Как бы то ни было, 23 августа на встрече с российскими депутатами действительно произошла запомнившаяся многим весьма неприятная для Горбачева сцена: Ельцин достает ручку и несмотря на робкие протесты президента СССР на глазах у всех подписывает этот «приостановительный» указ (такие жесты − с прилюдным подписанием различных документов − вообще были характерны для него).

То, что он находится в крайне унизительном положении осознавал и сам Горбачев.
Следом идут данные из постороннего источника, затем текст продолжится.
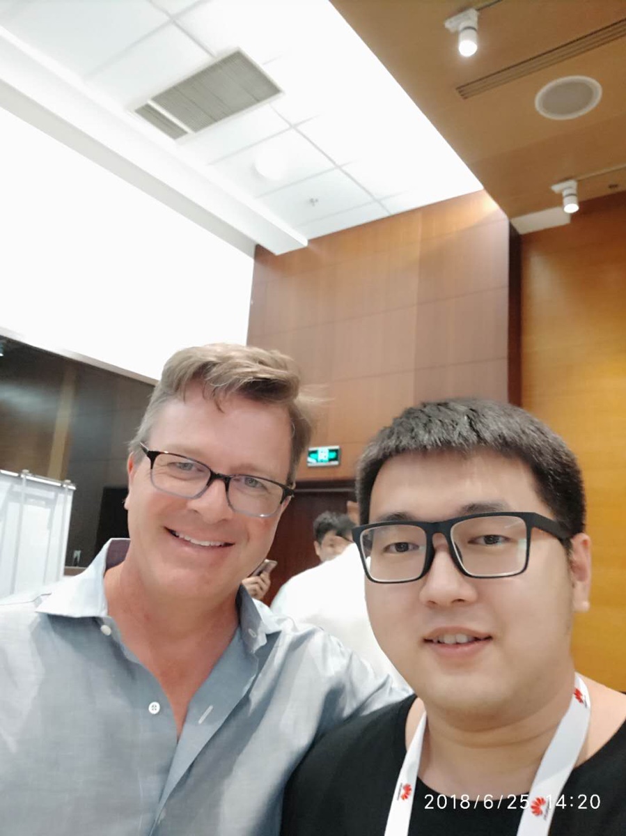在最后的合影时候,我利用这最后的机会疯狂的将各位大佬当成背景自拍,这一个举动被站在 Linus 旁边的 Jim 看到了,他走过来拿着我的手机说,“天哪,我看你一直在自拍,自拍了不下十次,我知道你一定想和Linus合个影对吧?”于是乎我得到了下面这张由 Jim 亲手拍摄的:

Позднее он так писал об этом:

«Когда вернулся из Фороса, пришлось выступить в Верховном Совете России, где был подвергнут оскорблениям, даже унижениям. И, надо быть до конца откровенным, не без участия Ельцина. В другое время я бы ушел. В тот момент не мог так поступить…»

Ну да, было нечто более важное, чем собственное унижение и обиды, – нельзя было сжигать мосты, разрушать едва только начинавшееся послепутчевое взаимодействие с Ельциным и его командой.
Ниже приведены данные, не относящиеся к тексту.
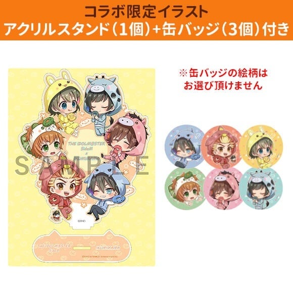 イクミママとのコラボ限定イラストの【アクリルスタンド】、イクミママとのコラボ限定イラストの【缶バッジ(全6種類)3個】が付いた3種類のセットをご用意しました。

О будущем Горбачев говорит расплывчато и общо

Конечно, этот разыгранный Ельциным спектакль с демонстративным подписанием указа был немилосердным. Можно было, наверное, все сделать по-другому, более мягко. Как-никак, Горбачев все еще оставался президентом, главой государства. Однако, в общем-то, этот жестокий спектакль логически вытекал из всего предшествующего, в том числе и из поведения самого Горбачева. Еще раз вспомним, что говорил по этому поводу Брент Скоукрофт: Горбачев и сам усугубил свои проблемы, предприняв неуклюжую попытку защитить коммунизм во время пресс-конференции после возвращения в Москву; это выступление показало, как далек он был от действительности, и выявило его истинные идеологические пристрастия.

В конце концов, помимо прочего, Ельцина можно было понять и психологически: в замыслах путчистов – а это всё были ближайшие соратники Горбачева, – было первым делом арестовать и ликвидировать его самого, Ельцина.

Другой вопрос, что эти замыслы были противоречивые, нерешительные и в итоге не осуществившиеся.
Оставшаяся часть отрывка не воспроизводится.